Прежде чем даже поняла, что делаю, я протянула ему руку.

Тишина, возникшая между нами и этими пятьюдесятью сантиметрами физического пространства, казалась нескончаемой, практически вечной. Прошло две секунды с того момента, как я протянула руку, и его рука, теплая, с длинными пальцами и широкой ладонью, соединилась с моей.

Я смотрела на его челюсть, пока мы пожимали руки… что бы это ни было, мы их пожимали.

Казалось, что все в порядке, или, по крайней мере, будет.

Но я знала, что всё всегда кажется прекрасным, пока внезапно не происходит обратное.

* * *

Мой телефон зазвонил в тот момент, когда я вышла из микроавтобуса, как только мы вернулись в офис команды. На экране промелькнул номер, который я не узнала, но все равно ответила на звонок:

– Алло?

– Мисс Касильяс?

– Да?

– Я звоню из офиса мистера Кордеро. – Женщина представилась. Ее звали миссис Брокавски. – Сможете ли вы подойти в офис в течение часа?

Не нужно быть гением, чтобы понимать, что встреча с генеральным директором – это нехорошо. Особенно, когда у вас с этим генеральным директором не самые лучшие отношения в мире. Но что я могла ответить? Нет, спасибо?

– Я могу прийти примерно через десять минут, – согласилась я, скривившись.

– Отлично, скоро увидимся.

– Отлично, – сказала я, чуть не ударив себя телефоном по лицу, когда закончила вызов. Если и был один человек, с которым я ненавидела разговаривать, так это мистер Карлос Кордеро, генеральный директор «Пайперс» и огромный засранец.

Фантастика.

* * *

– Он ждет вас, – сказала миссис Брокавски, провожая меня в кабинет, в котором за эти годы я бывала всего три раза. Я улыбнулась ей больше из вежливости, чем по желанию – она не была самым дружелюбным человеком в мире – и вошла в кабинет площадью, как минимум, сто двадцать квадратных метров, с мебелью, которая стоит больше, чем я заработала за год. За массивным столом из красного дерева сидел аргентинец пятидесяти с лишним лет, который своей стрижкой в стиле молодого Элвиса и сшитым на заказ костюмом напоминал мне босса мафии 50-х годов.

Мне он казался похожим на хорька. Он был хорьком, который мог сделать с моей карьерой все, что угодно.

– Добрый день, мистер Кордеро, – сказала я, после того как его помощник закрыла дверь, и я встала рядом со стулом.

Пожилой мужчина перегнулся через стол и пожал мне руку, глядя на командные спортивные штаны, которые я натянула поверх формы.

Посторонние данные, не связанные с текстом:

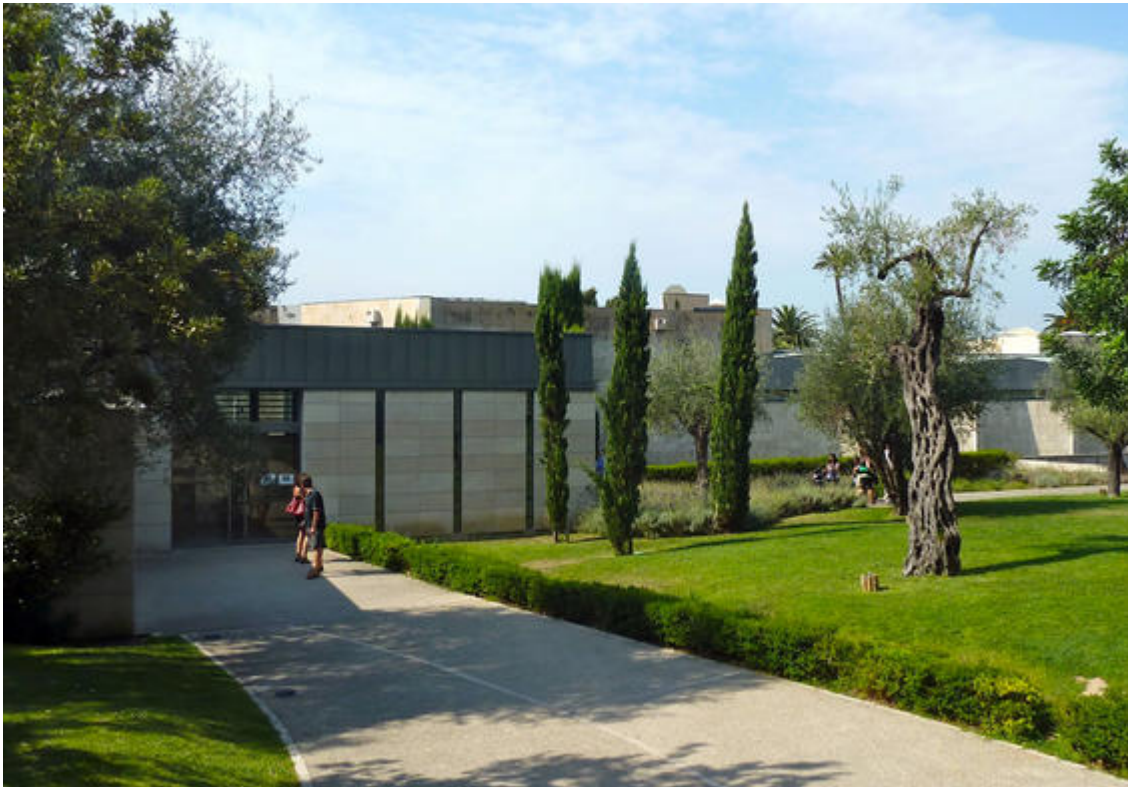
Les jardins et l'entrée du musée national Marc Chagall, Nice

En 1966, Marc Chagall fait don à la France des grands tableaux qui constituent le « Message Biblique ». C'est sur la colline de Cimiez qu'à l'initiative d'André Malraux le premier musée national consacré à un artiste vivant ouvre ses portes en 1973.

– Мисс Касильяс, – сказал он, наконец, снова заняв свое место и жестом показывая мне, чтобы я тоже села.

Не было смысла ходить вокруг да около, не так ли? Я спросила, положив руки на бедра:

– Что я могу сделать для вас?

Он приподнял ухоженную бровь – клянусь, он регулярно натирал их воском – и постучал ногтями по поверхности стола.

– Как я узнал, вы поссорились с помощником тренера. Можете объяснить мне почему?

Сейчас, серьезно?

Без шуток? С тех пор, как это произошло, прошло более чем достаточно времени, а он только сейчас поднимал этот вопрос? Черт побери.

– Это не было серьезной ссорой. Я была расстроена из-за его поведения и дала ему понять, что он поступил ненадлежащим образом, вот и все.

– Интересно. – Он заерзал и положил руки на подлокотники кресла. – Мне сказали, что вы, кажется, назвали его Баварской сарделькой.

Не думаю, что когда-нибудь хотела улыбнуться сильнее, чем сейчас, но мне удалось сдержаться. Мне незачем ему лгать. Я сказала то, что сказала, и не собиралась отнекиваться.

– Да.

– Как думаете, это подходящие выражения для персонала? – спросил он.

– Я думаю, это уместно, когда кто-то решает быть неблагодарным со своими фанатами.

– Вы понимаете, насколько важна его работа в команде? – Придурок одарил меня взглядом, который точно говорил о том, насколько тупой он меня считал, и я ощутила, как во мне поднимается чувство гнева, оставляя во рту кислый привкус.

– Я полностью понимаю, мистер Кордеро, но я также знаю, насколько важна поддержка наших фанатов. Первая Женская Лига многого ожидает от своих игроков, не так ли? Некоторые из нас живут в принимающих семьях, мы зависим от мнения людей, которые приходят на наши игры. Тренер Култи был не очень любезен, и я всего лишь дала ему знать об этом, не используя нецензурные слова или язык тела. Я не проявляла неуважение к нему. – Ну, я не проявляла его достаточно сильно.

Насколько я знала, генеральный директор команды относился к тому типу людей, которые хотели, чтобы все делалось только так, как хотели они. Он не любил сплетни и всегда настаивал на своей правоте.

Он был неправ.

Так что я знала, что этот разговор бесполезен, и не собиралась отказываться от своего мнения, что бы ни говорил мне здравый смысл. Я не сделала ничего плохого, и если бы могла вернуться в прошлое, опять бы поступила так же.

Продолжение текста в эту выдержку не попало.